SISTERS, Ore. – The swelling bulge on the west flank of the South Sister volcano is slowing, and geologists say there are no signs that the uplifted region will erupt in the near future.
The latest statistics from instruments monitoring the bulge indicate the uplift has slowed to about half its former rate of about an inch a year.
Geologists believe the bulge is being created by magma pushed into a chamber four or five miles underground, and its slowing means less the liquid rock is flowing upward. They don’t know why the rate has seemed to ease.

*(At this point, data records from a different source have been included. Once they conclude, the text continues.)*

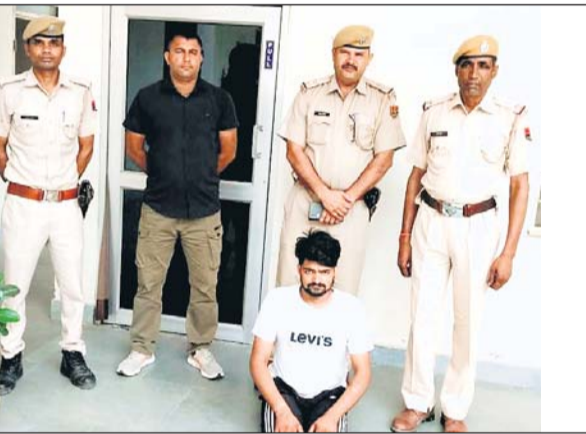
आरोपी के विरूद्ध विभिन्न अपराधों के 11 प्रकरण दर्ज हैं।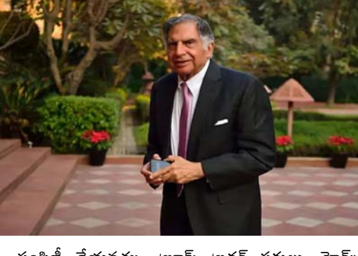
పంపిణీ చేయవచ్చు. బ్రాక్స్ బ్రదర్ షర్మ, హెర్బ్ లైలు, పోల్, డాక్స్, టియోని సూజు వంటి బ్రాండ్లను రతన్ టాటా ధరించేవారు. రతన్ టాటా పెంపుడు జంతువు డిటి గురించి వీలునామాలో ప్రత్యేకంగా ప్రస్తావించారు. జర్నల్ షెఫర్డ్ కోసం ఆయన రూ. 12 లక్షలు కేటాయించారు. ప్రతి త్రైమాసికానికి రూ.30వేల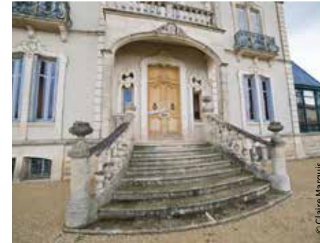
La maison Xavier Bernard / Saint-Sauvant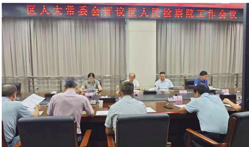
2025年7月，义安区人大常委会对区检察院开展工作评议。

铜陵市义安区人大始终把工作评议作为人大工作的重中之重，紧抓不放，使之像鞭子、像号角、像广播，鼓舞士气，催人奋进，传播人大声音。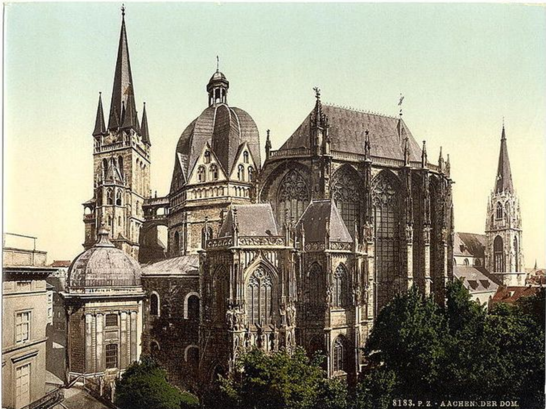
8183. P. Z. - AACHEN. DER DOM.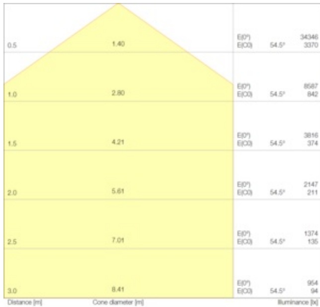
LDC typ cone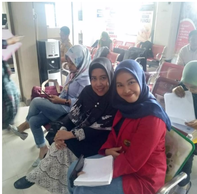
Wawancara bersama masyarakat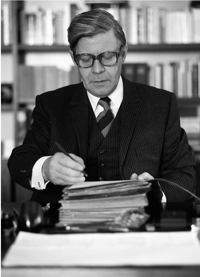
Helmut Schmidt 1969 – 1972 Verteidigungsminister 1972 Wirtschafts- und Finanzminister 1972 – 1974 Finanzminister 1974 – 1982 Bundeskanzler seit 1983 Herausgeber der »Zeit«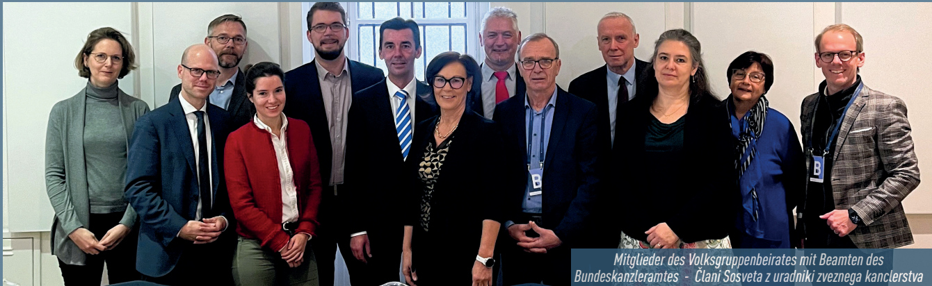
Mitglieder des Volksgruppenbeirates mit Beamten des Bundeskanzleramtes - Člani Sosveta z uradniki zveznega kanclerstva

Politik muss auf gesellschaftlichen Wandel und demografische Veränderungen mit einer Anpassung in der Minderheitenschulgesetzgebung reagieren.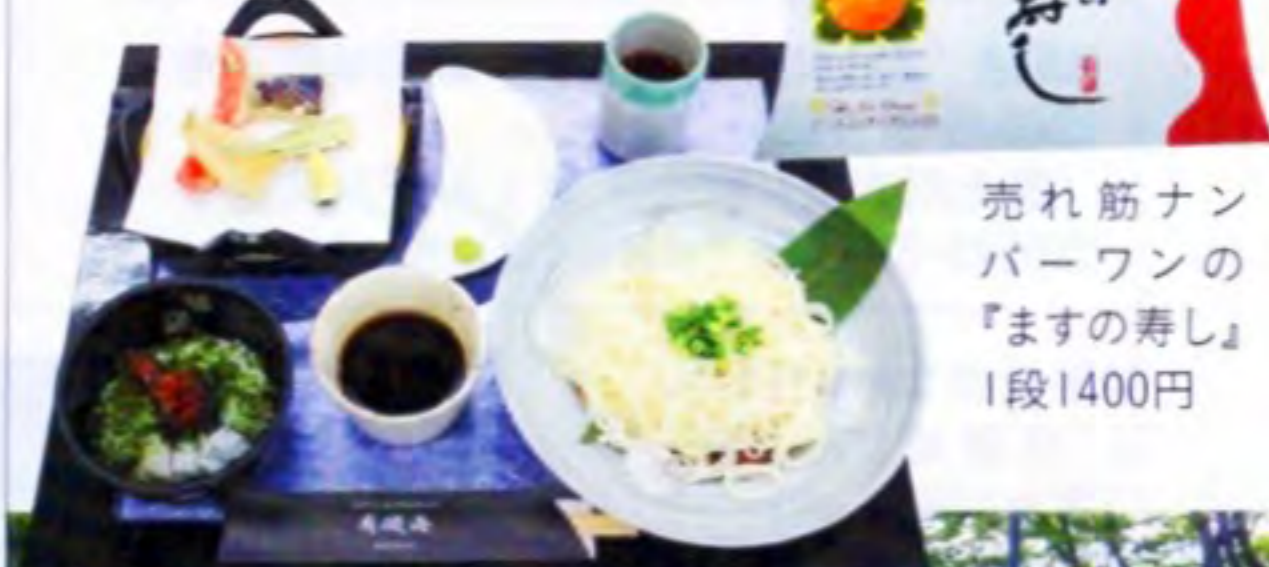
売れ筋ナンバーワンの『ますの寿司』1段1400円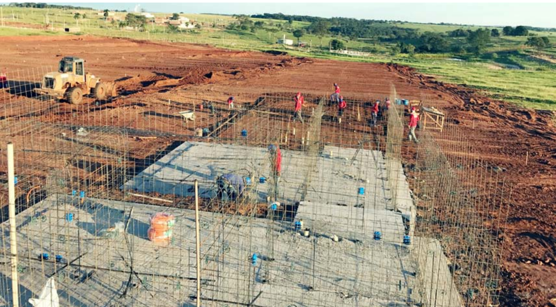
Trabalhadores em atividade no novo bairro: aquecimento do setor de construção civil

zada na Avenida dos Arnaldos, 1503, de segunda a sábado, das 09 às 18h. Também há plantões de venda no local do empreendimento no mesmo horário. Mais informações podem ser obtidas pelos telefones (17) 3462-3089 e (17) 99632-6788.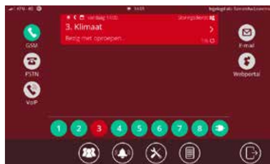
Weergave van uw alarmmelding

Adésys is met 4 decennia ervaring dé specialist in het vakgebied telefonische alarmering. Deze 5 e generatie Octalarm bevat de nieuwste technieken. Hierdoor wordt het mogelijk om veilig en betrouwbaar te alarmeren via de (sterk veranderende) hedendaagse digitale telefonienetwerken. Met de Octalarm-Touch bent u klaar voor de toekomst!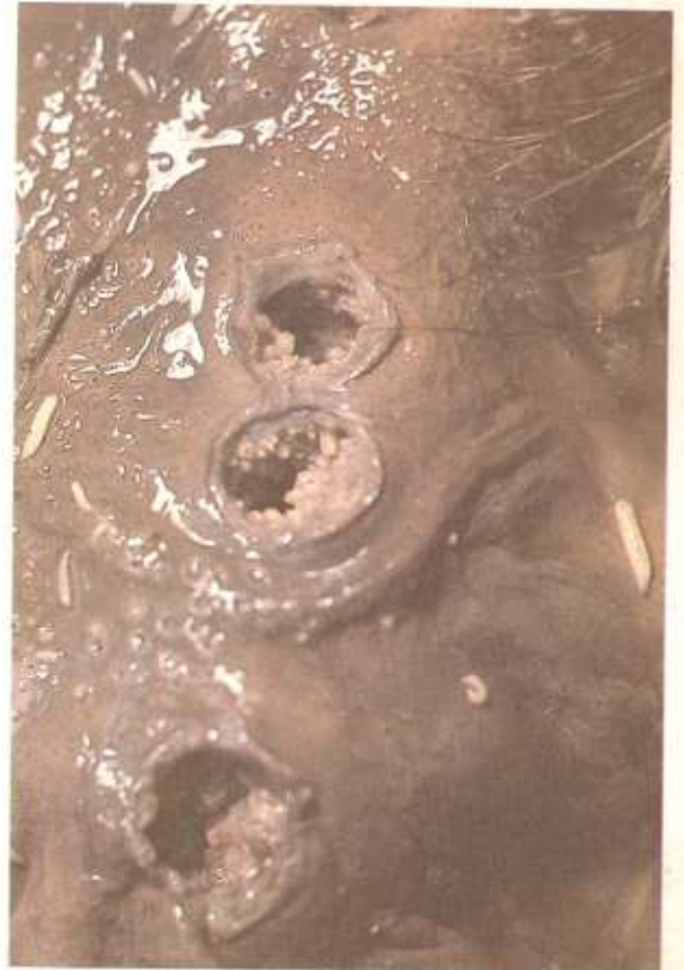
Fig. 2.12. Destrucción por larvas. Dichas larvas destruyen progresivamente a los diversos tejidos.

“It’s possible it’s slacking off, but over the coming years, the rate will change,” said geologist Willie Scott at the Cascades Volcano Observatory in Vancouver, Wash. “That’s why we want to continue to monitor it as closely as we can, because we’re seeing a phenomenon that we haven’t been able to study before, and we want to see where it goes.”
Scientists have been monitoring the central Oregon volcano since 2001, when a comparison of newly acquired satellite measurements showed a 10-mile-wide portion of the mountain had risen more than 4 inches over four years.
Since then, instruments have been set up around the mountain, and geologists are using three different techniques to measure ground movement.
A swarm of more than 300 small earthquakes struck the area in March 2004, but the bulge has since been quiet. Only five quakes were recorded this year, none with a magnitude greater than 1.5.